An overall schema for the friendly AI problems: self-referential convergence criteria

A putative new idea for AI control; index here.

After working for some time on the Friendly AI problem, it’s occurred to me that a lot of the issues seem related. Specifically, all the following seem to have commonalities:

Nasty extrapolation of concepts (though badly implemented value learning or badly coded base concepts).
AI’s making themselves into nasty expected utility maximisers.
AI’s hacking themselves to maximum reward.
AI’s creating successor agents that differ from them in dangerous ways.
People hacking themselves to maximum apparent happiness.
Problems with Coherent Extrapolated Volition.
Problems with unrestricted search. Some issues I have with some of Paul Christiano’s designs.
Reflective equilibrium itself.

Speaking very broadly, there are two features all them share:

The convergence criteria are self-referential.
Errors in the setup are likely to cause false convergence.
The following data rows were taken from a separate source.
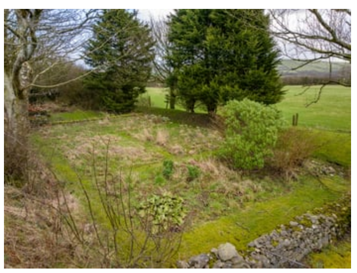
To the side of the outbuilding is a large vegetable patch with raised beds.

12' 6" x 9' 9" (3.81m x 2.97m) currently used as a coal house with side window and door to front.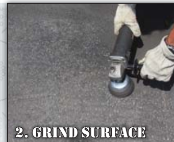
2. GRIND SURFACE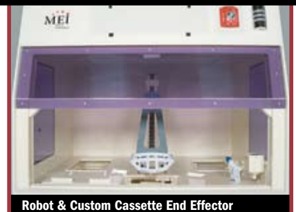
Robot & Custom Cassette End Effector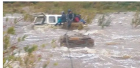
Passasiers van die bakkie sit op 'n pilaar van die ou brug langs die bakkie.

Nuweplaas se inwoners ry deur Prinsekraal, Beukeskraal en dan met 'n ompad verby Langbome om in die dorp te kom. Alhoewel Nuweplaas net sowat 15 km van Wupperthal is, neem dit ongeveer 30 minute om die pad te ry.

What do I mean by that? Well, imagine you’re trying to reach reflective equilibrium in your morality. You do this by using good meta-ethical rules, zooming up and down at various moral levels, making decisions on how to resolve inconsistencies, etc… But how do you know when to stop? Well, you stop when your morality is perfectly self-consistent, when you no longer have any urge to change your moral or meta-moral setup. In other words, the stopping point (and the the convergence to the stopping point) is entirely self-referentially defined: the morality judges itself. It does not include any other moral considerations. You input your initial moral intuitions and values, and you hope this will cause the end result to be “nice”, but the definition of the end result does not include your initial moral intuitions (note that some moral realists could see this process dependence as a positive—except for the fact that these processes have many convergent states, not just one or a small grouping).
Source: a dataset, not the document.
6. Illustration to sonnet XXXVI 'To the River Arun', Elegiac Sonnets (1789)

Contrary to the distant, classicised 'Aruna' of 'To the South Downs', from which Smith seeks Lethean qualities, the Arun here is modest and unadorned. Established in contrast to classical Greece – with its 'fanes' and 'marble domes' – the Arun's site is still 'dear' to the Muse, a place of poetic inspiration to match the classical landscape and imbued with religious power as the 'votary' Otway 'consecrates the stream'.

So when the process goes nasty, you’re pretty sure to have achieved something self-referentially stable, but not nice. Similarly, a nasty CEV will be coherent and have no desire to further extrapolate… but that’s all we know about it.

The second feature is that any process has errors—computing errors, conceptual errors, errors due to the weakness of human brains, etc… If you visualise this as noise, you can see that noise in a convergent process is more likely to cause premature convergence, because if the process ever reaches a stable self-referential state, it will stay there (and if the process is a long one, then early noise will cause great divergence at the end). For instance, imagine you have to reconcile your belief in preserving human cultures with your beliefs in human individual freedom. A complex balancing act. But if, at any point along the way, you simply jettison one of the two values completely, things become much easier—and once jettisoned, the missing value is unlikely to ever come back.

Or, more simply, the system could get hacked. When exploring a potential future world, you could become so enamoured of it, that you overwrite any objections you had. It seems very easy for humans to fall into these traps—and again, once you lose something of value in your system, you don’t tend to get if back.

Solutions

And again, very broadly speaking, there are several classes of solutions to deal with these problems:

Reduce or prevent errors in the extrapolation (eg solving the agent tiling problem).
Solve all or most of the problem ahead of time (eg traditional FAI approach by specifying the correct values).
Make sure you don’t get too far from the starting point (eg reduced impact AI, tool AI, models as definitions).
Figure out the properties of a nasty convergence, and try to avoid them (eg some of the ideas I mentioned in “crude measures”, general precautions that are done when defining the convergence process).